Battle of Dresden - at Enfilade 2019

Battle of Dresden

This Napoleonic battle of 1813, was the second largest of the wars.  Our developing ‘big-battle’ rules is specifically designed to play these massive affairs but even these are challenged by the size.  However, the Allied command conveniently did not utilize large portions of their numbers and to fit it comfortably into a single game session with a convention table restriction and time restraints, I reduced the element numbers by some third.

As with the dedicated group enjoying these rules, the players each painted up their own command with a common basing which really helps with the look of the game increasing its ‘visual continuity’.  We had DaveB with his commands of Mortier (the French Imperial Guard foot) and Ney (the Young Guard), St. Cyr by James, all the Austrians done and commanded by Seth and the remainder filled in by myself.
viewing from the index area of the above map
The Prussian commander moving his heavy horse toward Dresden and the awaiting French. Later in the battle he would be reversing course!  While not strong, apparently the French artillery did sterling work.  
Overview- looking from the opposite westward view with Dresden on the right, the Allies to the left and the Great Garden (Grosse Garten) the landmark area of this battle made from a piece of hardboard for playability.

As I gave myself the “adjudicator” task, I was not intimate with all the actions of the game, moving from one small judgement situation to the next, but the game kinda followed history compressing the two days into one.  In the game, as on Day One, the Allies attacked in the middle forcing the French back to the artillery emplacements before the city. However, the French sprang back, in this case with good artillery support as per Day Two of the historic affair.  On the French right flank, BobE commanding most of the French cavalry with infantry outnumbered the Austrians who were separated from the rest of their army by a rain-swollen river crossable at only one point at Plausen.  Historically the Austrians were severely defeated in this area…as were the Austrian elements on the tabletop…

Marmont's French move to destroy the Austrians.  Elements of my French army.  While mine, the following photo shows four different painter's collections in action together.  They look good together.
the action in the centre and in the distance the Allies right/French left flank.

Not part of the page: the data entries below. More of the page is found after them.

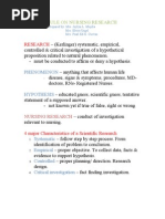 RESEARCH (Kerlinger) systematic, empirical, controlled & critical investigation of a hypothetical proposition related to natural phenomenon. PHENOMENON anything that affects human life - disease, signs & symptoms, procedures, MD, RNs HYPOTHESIS educated guess, scientific guess, tentative statement of a supposed answer. - not known yet if true of false, right or wrong RESEARCH - must be conducted to affirm or deny a hypothesis. 4 major Characteristics of a Scientific Research 5. Systematic follow step by step process. Fr identification of problem to conclusion. 6. Empirical proper objective. To collect data, facts & evidence to support hypothesis. 7. Controlled proper planning/ direction. Research design. 8. Critical investigation fact finding investigation. (synonym) PURPOSE OF ASIENTIFIC NURSING RESEARCH D descriptive purpose. Gain richer familiarity regarding a phenomena. Observation. 100% known to RN.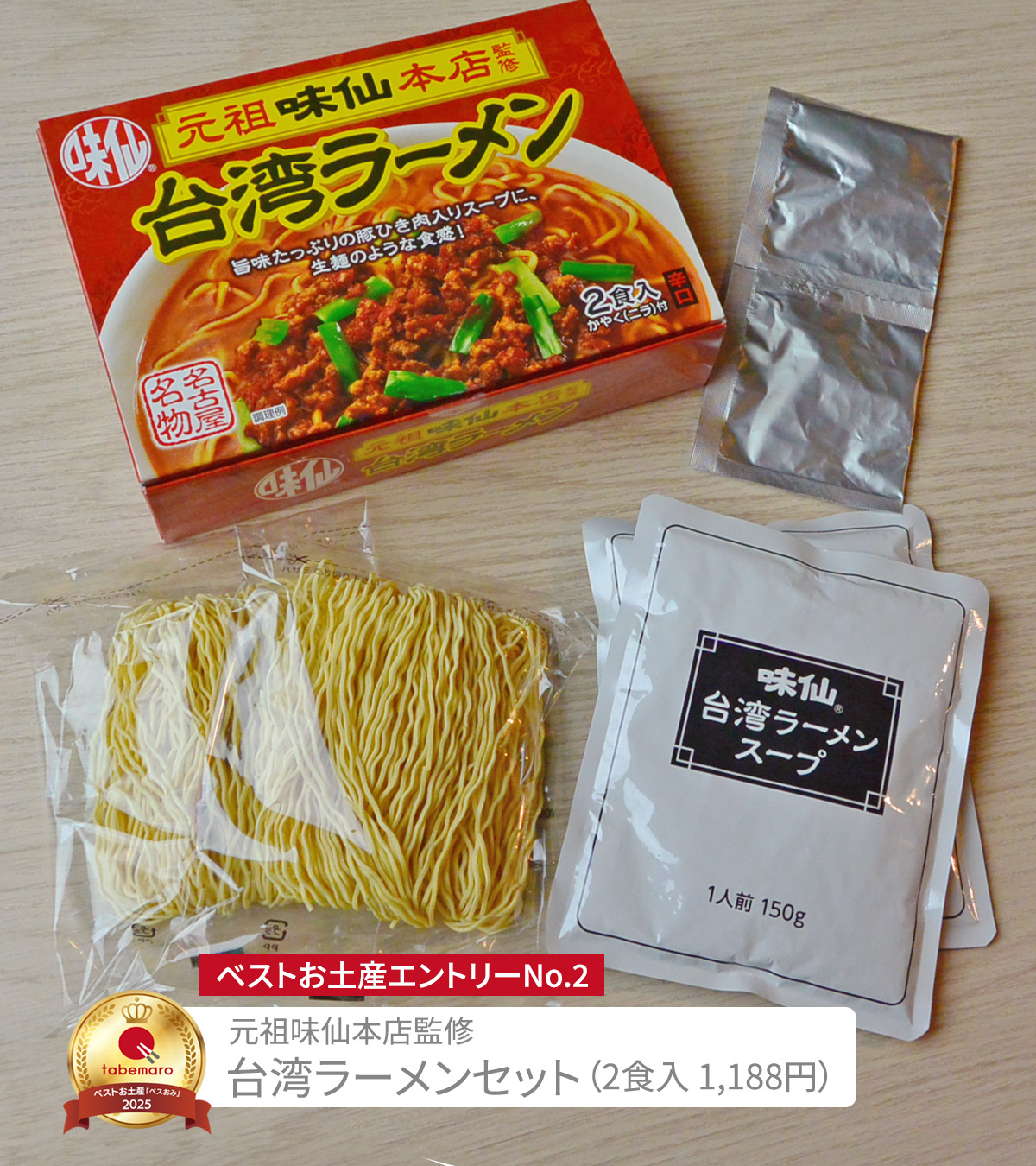 名古屋めしの名店「味仙本店」監修の台湾ラーメン2食セット。辛旨スープとパンチのある味で、名古屋らしさをそのまま持ち帰れます。自分好みの具材をトッピングすれば、自分だけの台湾ラーメンができあがりです。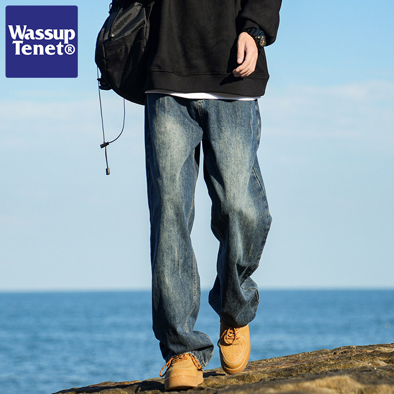 Wassup Tenet Trendy Brand Washed Straight-Leg Jeans for Men, New Autumn Style, Loose High-Street Casual Long Pants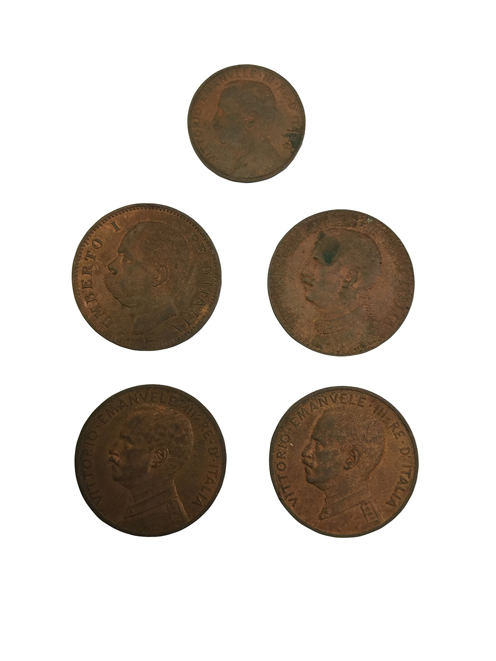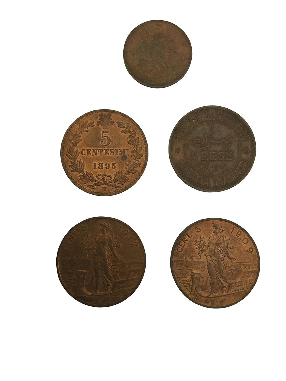 5 monete in rame: Umberto I, 5 centesimi 1895; Vittorio Emanuele III, 5 centesimi 1909 e 1912, 2 centesimi: 1908 Prora, 2 bese 1909 Somalia. da SPL a FDC rosso.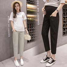 南叮雅格孕妇裤子夏薄款外穿亚麻九分裤托腹潮妈宽松九分阔腿裤休闲孕妇打底裤大码 黑色 XL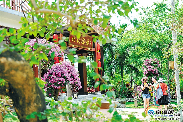 看得見山,望得見水,留得住鄉愁。“村游”是近幾年瓊海旅游的流行詞。北仍村景觀設計時尚又古樸,一處設施一個點綴,看似是隨意而為,卻又是匠心獨運。檳榔、椰子樹環抱著村莊,古樸的民居與田園密林相映成趣。村里不設圍墻,天地密林就是天然屏障。你可以繞著環村8公里的綠道騎行,可以在草寮咖啡屋和好友閑聊打發時間,也可以到檳榔林中的鄉愁味道農家樂、北仍大客廳去品味地道的鄉村美食。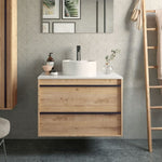 Suspended bathroom furniture Nuar80 ostippo oak countertop washbasin 2 drawers 80x45x54h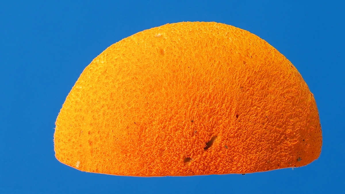 淡黄色−黄色→汚緑色−オリーブ色 孔長4mm内外 直生−上生→湾入 孔口は橙黄色に縁取られる 孔径1mm内外 傷ついても変色しない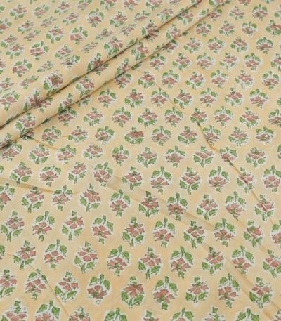 Yellow Floral Handblock Printed 100% Pure Soft Cotton Fabric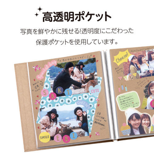 高透明ポケット/写真が映える高透明ポケット。飾った台紙をキレイに保護します。
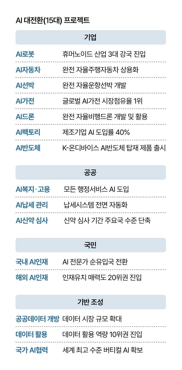 AI 대전환을 위해 기업, 공공, 국민, 기반조성 등 4대 핵심 분야에서 15대 선도 프로젝트를 추진합니다. 먼저 기업 분야에선 로봇, 자동차, 선박, 가전, 드론, 팩토리, 반도체 등 7개 산업이 프로젝트 대상으로 선정됐습니다. 정부는 기업, 대학, 출연연, 지방자치단체, 관계부처 등이 참여하는 추진단을 구성하고 연구개발(R&D), 실증지원, 규제 완화, 판로, 금융 등 ‘전 주기 패키지 지원’에 나서기로 했습니다. 특히 제조, 바이오헬스, 주택·물류 등 전 분야에서 생활밀접형 제품 300개에 대한 AI 전환(AX) 지원 프로젝트를 신설합니다.

On the French left flank, DaveB, used the advantage of the French Guard elements to push back the Russians under Ian and Prussians under BobS to their breaking point.
See DaveB's blog post and his activities during the game/battle at: link with a very well written account.
We ended the game without the need to have the obvious happen having those commands inevitably rout off the board so ending with the situation very close to the historical battle.

Retreat from Moscow - at Enfilade!


The first of my three games I hosted at the Enfilade! convention in Olympia, Washington State USA, was a “Retreat from Moscow” affair conceived after learning the convention’s ‘winter’ theme, the fortuitous acquisition of the beautiful Perry sculpts, the ownership of a large white sheet which could be a tract of snow covered tabletop, and the re-conceiving of the church which I previously constructed but with which I was not entirely happy so I was quite willing to cover it modelled snow - all the parts of which a miniatures game may be made; except for the lack of the rules.

I am a firm believer that all convention games, with the accompanying noise level, player inexperience, and general confusion, must be of a simplistic level to work and be fun to play.  So I made these really simple!  If the participants are not playing the game unaided by the fourth turn, the rules are too challenging!  Generally 6s to hit, movement by standard stick, shooting range by the same, blob movement, no formations and above all, no morale.  “Morale”, the mental state of which our metal miniature representative conduct human emotional responses to combat situations on the tabletop can be the bane of rule writers and players alike…so I just said there are none. Units will continue until no figures remain.  None got to that stage in this game….some were close however!
As my game write up suggests, “ To surrender is to be killed, to give up is to die frozen, to run away is to die alone in the white vastness. Your only option is to fight and keep walking but that the Russians and nature may not allow.  It's fun in the snow!!  Simple rules for a simple game!” 

I had 7 players controlling their small units of either 6 foot or 3 horse of the retreating Grand Armee including Poles, Bavarians, French and a group of various other nations (for which the Perrys made) verses the Russian defenders of jagers and Cossacks but mainly small groups of armed peasants.
(l-r)  Bavarians, French cav on foot, French infantry and on road, one unit of Old Guard

All the aspects of the game are random, including the use of hidden cards indicating who next chooses his - or her - unit.  I had the two players who picked the jagers or Cossacks also move and roll for the peasants on their side of the table to speed up play.    The game flowed along with all the French players making it across the rather rickety bridge (a chance for figures falling to their deaths in the frozen river ) and “victory” in safety off the table.  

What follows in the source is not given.